Developer: Sonic Visualiser team; Performance: Excellent for monophonic (single note) melody

Pros:

  • Very accurate for monophonic transcription
  • Fast
  • Lightweight

Cons:

  • Monophonic only - can't handle chords or polyphony
  • Not suitable for piano or guitar

When to Use: Vocal melody extraction only


Comparison

Model Polyphonic Speed (GPU) Accuracy Status
YourMT3+ Yes 30-40s 80-85% Primary (Production)
basic-pitch Yes 5-10s 70% Fallback
MT3 Yes 30-60s 75-80% Not used
Omnizart Yes 15-30s 75-80% Removed
Tony No 2-5s 90%+ Vocals only

Decision: YourMT3+ as primary transcriber with automatic fallback to basic-pitch for reliability.
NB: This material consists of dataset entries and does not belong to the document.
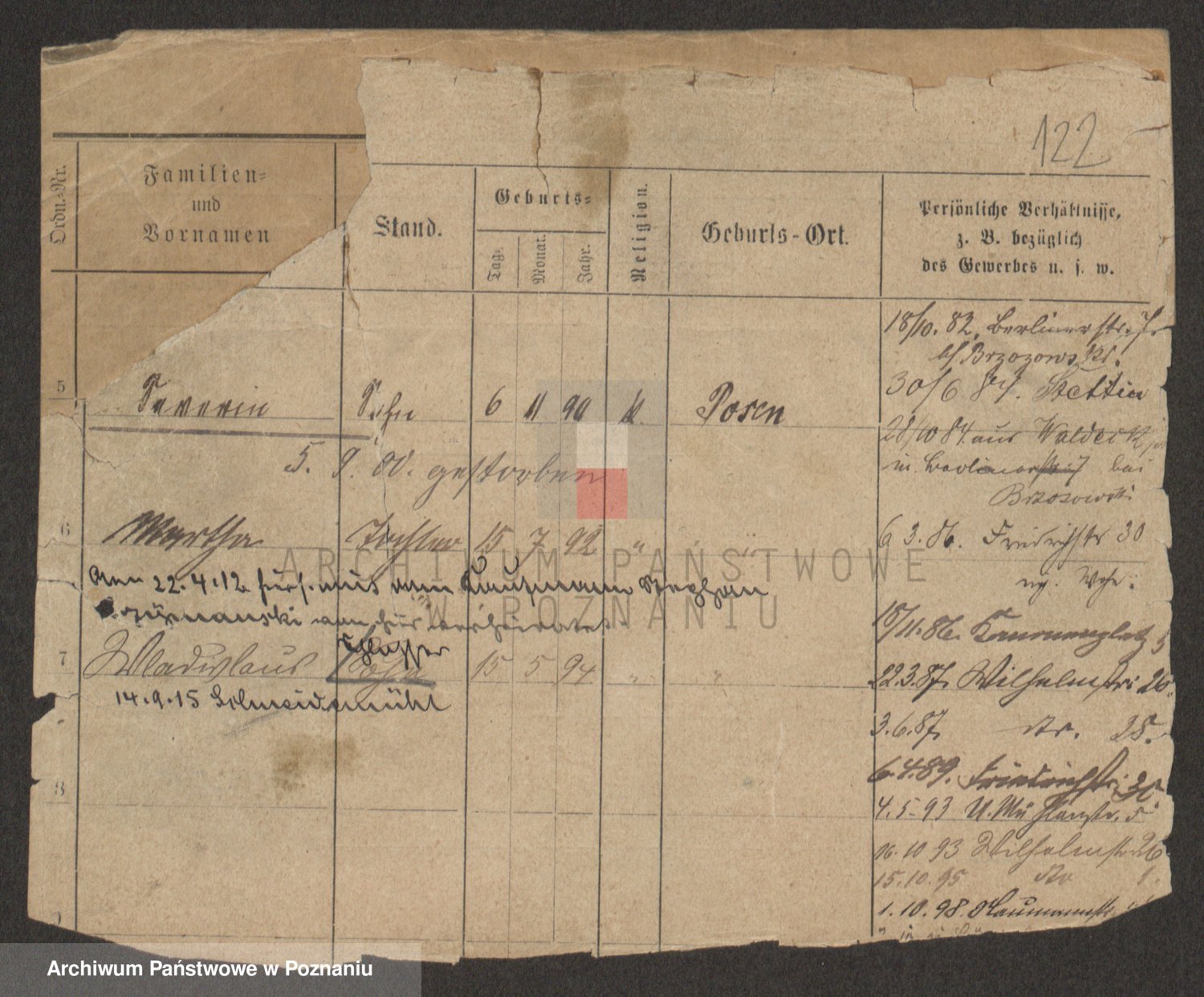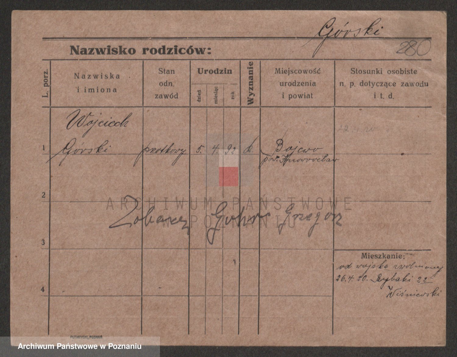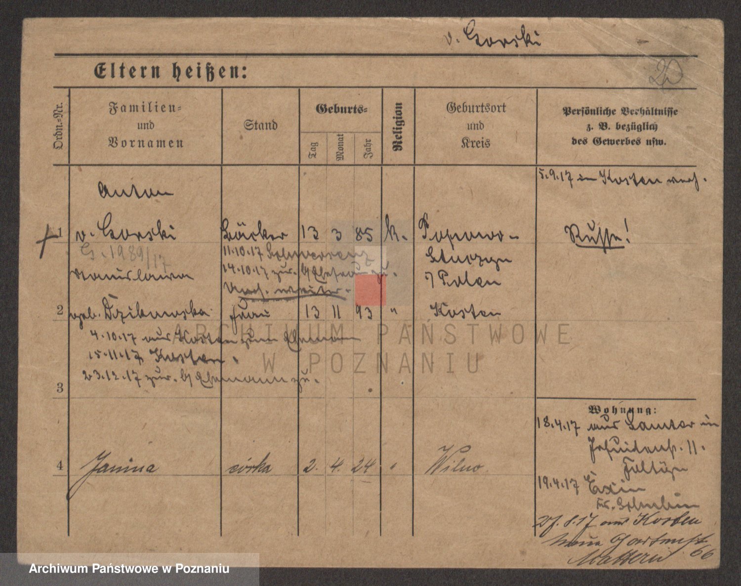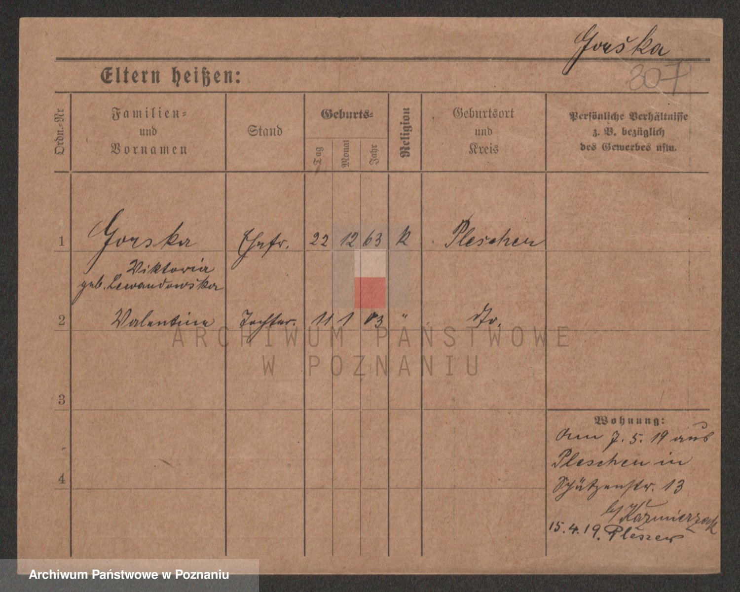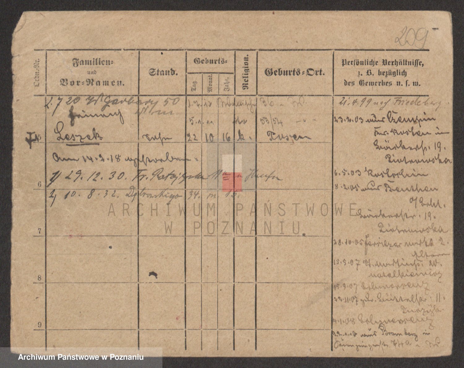 Podgląd karty osobowej dostępny jest po kliknięciu na nazwisko lub ikonkę karty. Można dokonywać powiększenia (ikony na górze) lub przechodzić między kolejnymi skanami (strzałki po bokach).
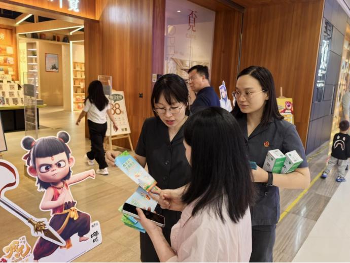 活动中,法院干警向商场来往群众和周边商铺发放知识产权宣传资料,并结合审理的侵犯著作权、商标权等典型案例为群众普及与日常生活息息相关的知识产权法律常识,提醒商家在经营中注意防范知识产权侵权法律风险,引导商家合法合规经营。
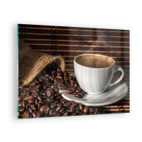 Billede på glas - En kop kaffe med bønner på en rustik baggrund - 70x50cm - Kulets sorthed, ravets gennemsigtighed - Moderne vægdekoration til stue og soveværelse ARTTOR
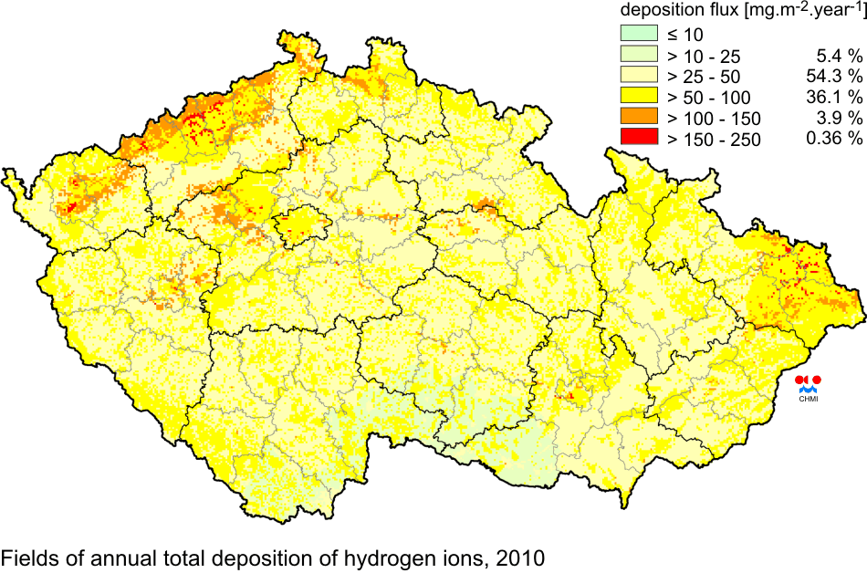 Fields of annual total deposition of hydrogen ions, 2010 |

Model Accuracy Expectations

Realistic Transcription Accuracy (with YourMT3+)

Simple Piano Melody (Twinkle Twinkle):

  • Note accuracy: 90-95% (YourMT3+) / 85-90% (basic-pitch)
  • Rhythm accuracy: 85-90% (YourMT3+) / 75-80% (basic-pitch)
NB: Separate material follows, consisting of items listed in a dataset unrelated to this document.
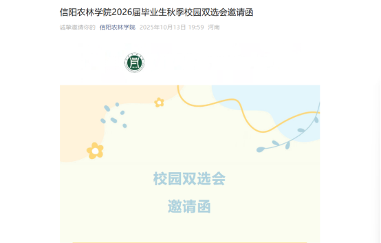 为深入贯彻党中央、国务院关于高校毕业生就业工作的决策部署,积极搭建毕业生与用人单位之间的交流桥梁,信阳农林学院携手信阳市人力资源和社会保障局,定于2025年11月14日在信阳农林学院运动场举办“豫荐未来 青春启航”2026届毕业生秋季供需双选会。此次活动旨在促进毕业生高质量充分就业,为用人单位输送优秀人才。
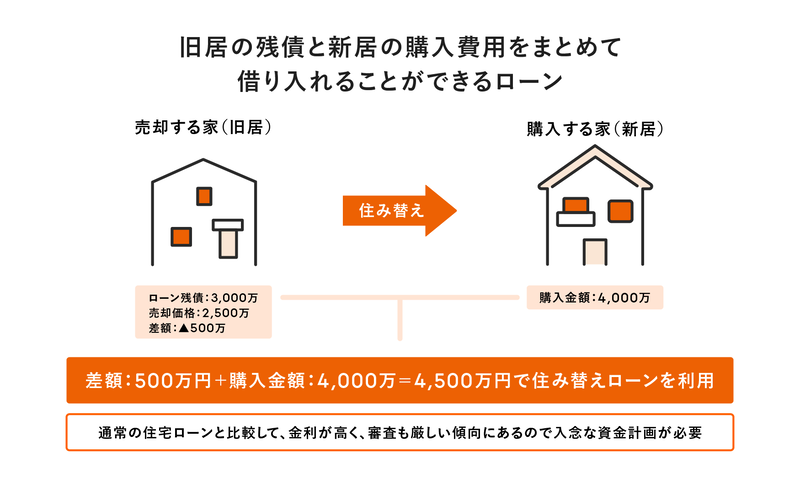 1つ目は、住み替えローンを借入れる方法です。住み替えローンとは、現在住んでいるマイホームを売却しても住宅ローンの残債があるときに利用されるローンです。
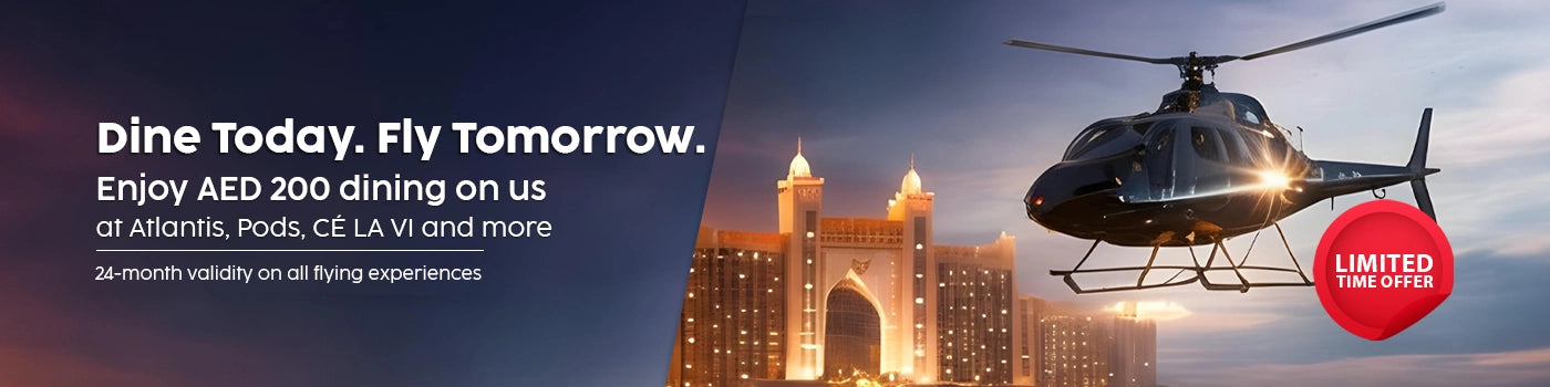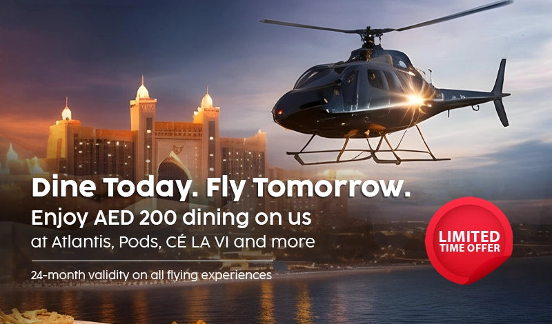 Soar through the sky in the lap of luxury with breathtaking helicopter rides. Soak yourself in panoramic views and take excitement to new heights with helicopter rides in Dubai, Abu Dhabi and Ras Al Khaimah.

Classical Piano (Chopin Nocturne):

  • Note accuracy: 75-85% (YourMT3+) / 65-75% (basic-pitch)
  • Rhythm accuracy: 70-75% (YourMT3+) / 55-65% (basic-pitch)

Jazz Piano (Bill Evans):

  • Note accuracy: 70-75% (YourMT3+) / 55-65% (basic-pitch)
  • Rhythm accuracy: 60-70% (YourMT3+) / 45-55% (basic-pitch)

Rock/Pop with Band:

  • Piano separation: 70-80% (depends on Demucs quality)
  • Note accuracy: 70-75% (YourMT3+) / 55-65% (basic-pitch)
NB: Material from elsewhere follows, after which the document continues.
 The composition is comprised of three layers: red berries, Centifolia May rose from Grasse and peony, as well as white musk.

Key Insight: YourMT3+ provides 10-15% better accuracy than basic-pitch, but transcription still won't be perfect. Editor is critical for users to fix errors.


Future Model Improvements

Fine-Tuning YourMT3+

Train on piano-specific dataset:

  • Collect 1000+ piano YouTube videos with ground truth
  • Fine-tune YourMT3+ checkpoint on piano-only data
  • Expected improvement: +3-5% accuracy for piano
  • Cost: GPU compute for training

Ensemble Models (Not Currently Used)

Previously attempted basic-pitch + omnizart merging:

  • Result: Removed due to complexity without significant accuracy gain
  • Learning: YourMT3+ alone provides better results than merged basic-pitch + omnizart
  • Future: Could revisit with YourMT3+ + MT3 ensemble if needed

Post-Processing

Improve rhythm with music theory rules:

  • Quantize to nearest 16th note
  • Enforce measure boundaries
  • Detect time signature from patterns
  • Expected improvement: +10-15% rhythm accuracy

Benchmarks to Track

When testing models, measure:

  1. Note Onset Accuracy: % of notes detected at correct time
  2. Pitch Accuracy: % of notes with correct pitch
  3. Duration Accuracy: % of notes with correct duration
  4. Harmonic Accuracy: % of chords correctly identified

Tools: mir_eval library (Python)


Next Steps

  1. Test Demucs + basic-pitch on sample videos
  2. Measure accuracy and processing time
  3. Identify failure modes
  4. Document in Challenges

See Backend Pipeline for implementation details.